Guitar Tips: Dealing With EMI Noise

EMI, or Electro-Magnetic Interference, is a problem that can plague your guitar as well as your other audio equipment, causing a particular buzz or hum that can sometimes be impossible to get rid of depending on the source. If you’ve ever experience a particular hum or buzz coming from your guitar, amp or other audio equipment, you’re not alone. In this article, we take a quick look at what is EMI and how to keep it from ruining your guitar tone.


What Is EMI

EMI is a type of interference that affects all kinds of audio equipment, caused by either the equipment itself or the cables connected to them picking up nearby electromagnetic fields. This usually shows itself as a particular type of noise such as a hum, buzz, or static. The culprits behind these magnetic fields are wide ranging, but common causes that you will typically encounter are television monitors, computers, light dimmers, fluorescent lights, power lines, radio transmitter, TV transmitters, and even some car ignition systems. It should be said that since EMI depends on both your equipment and the environment you’re in, completely eliminating the noise caused by it can range from pretty easy to nearly impossible.


Dealing With EMI Noise

If the EMI issues you are experiencing seem to show up or get worse depending on your location and which way you are facing, the quickest method to eliminate them is by moving around or facing a different direction until it’s gone. Yes, it might not be a permanent solution but if you’re in the middle of a gig or on the clock in the recording studio, it will definitely be the quickest fix. If that doesn’t work or you want something a bit more permanent, you have several options.

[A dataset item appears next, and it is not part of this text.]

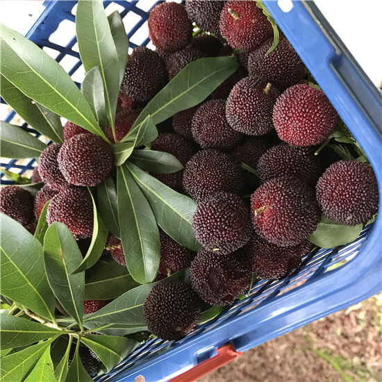 上午10點,我們一行17人驅車抵達余姚梁弄的邱家楊梅基地。放眼望去盡是漫山的楊梅樹,小伙伴們一下車就立馬迫不及待地提籃上山,采摘楊梅。枝頭一顆顆紅得發紫的楊梅,甜中帶酸,刺激著每個人的味蕾。大家一邊摘一邊吃,籃子里始終滿不起來。很快大家被楊梅填滿了肚子,索性也不摘了,直接到山下選一籃專業師傅摘得黝黑黝黑的楊梅。
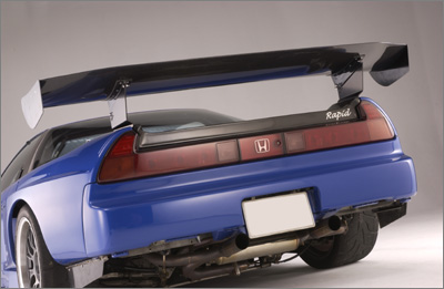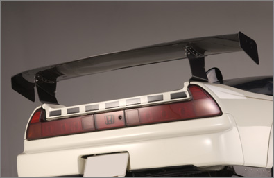 ワイドボディー車前提で作り上げられたこのWING、通称EAGLEは、その独特のバナナ形状により様々なレースカテゴリーでのロードラック&ハイダウンフォースを約束します。NSXの市販のGTウイングというカテゴリーにおいて、かつて無い迫力を貴方のNSXに・・・。

The first is to install humbuckers or active pickups on your guitar. If your tone depends on traditional single-coils, that option might be too drastic. If that’s the case, you can try a suppression pedal. There are two main types of noise suppressors – gates and noise reducers. Noise reducers, like the Rocktron Guitar Silencer and the Boss NS-2, use various techniques to try and quell the offending noise. Gates, meanwhile, are like a hatchet that let you manually cut off all signals below a certain frequency. The MXR SmartGate and NoiseClamp are two popular pedal options. You can read more on noise gates in our Gates, Equalizers And Compressors article.

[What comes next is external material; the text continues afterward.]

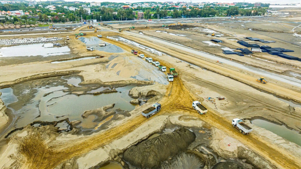 - 2024 – 2025: Bơm cát, san nền, xây dựng đường ven biển, lắp đặt hệ thống kỹ thuật.

You should also be aware that it’s not just pickups that are susceptible to EMI. The wiring on a guitar can be also be affected. If that’s the case, you should definitely look into shielding your guitar wiring. If done correctly, it should not have any effect on your tone. If not, it can act as a capacitor, draining your high-end response. There are many videos online (like the one below) that you can follow to shield your wiring properly.



Possible Grounding Issues

Aside from light dimmers, computer monitors and the other EMI sources mentioned above, grounding issues are another common cause of noise troubles. If the tips above didn't help, there's a chance you might be dealing with ground loop problems. A good way to tell if you are experiencing grounding issues is by unplugging your guitar from the amp and seeing if the buzzing goes away. If the noise remains, you are most likely dealing with a ground loop problem.

Another way to tell is by listening carefully to the sound of the buzzing. While EMI tends to sound like a distorted buzz, ground loop issues usually come off as more of a low-frequency hum. They are pretty similar, except that the EMI buzz has more of an emphasis on the higher end harmonics. These two methods are by no means foolproof but are still a good place to start. If grounding issues are the source of your noise, check out our article What Is Dirty Power And How To Avoid It and the video below for more info.



Whether it's from grounding issues, acoustic feedback or EMI, noise is one of those issues that pretty much every guitarist will have to deal with eventually. By knowing where the noise comes from and how to deal with it, you can take the necessary steps to tame or completely remove it, allowing your tone to sound the way it was meant to.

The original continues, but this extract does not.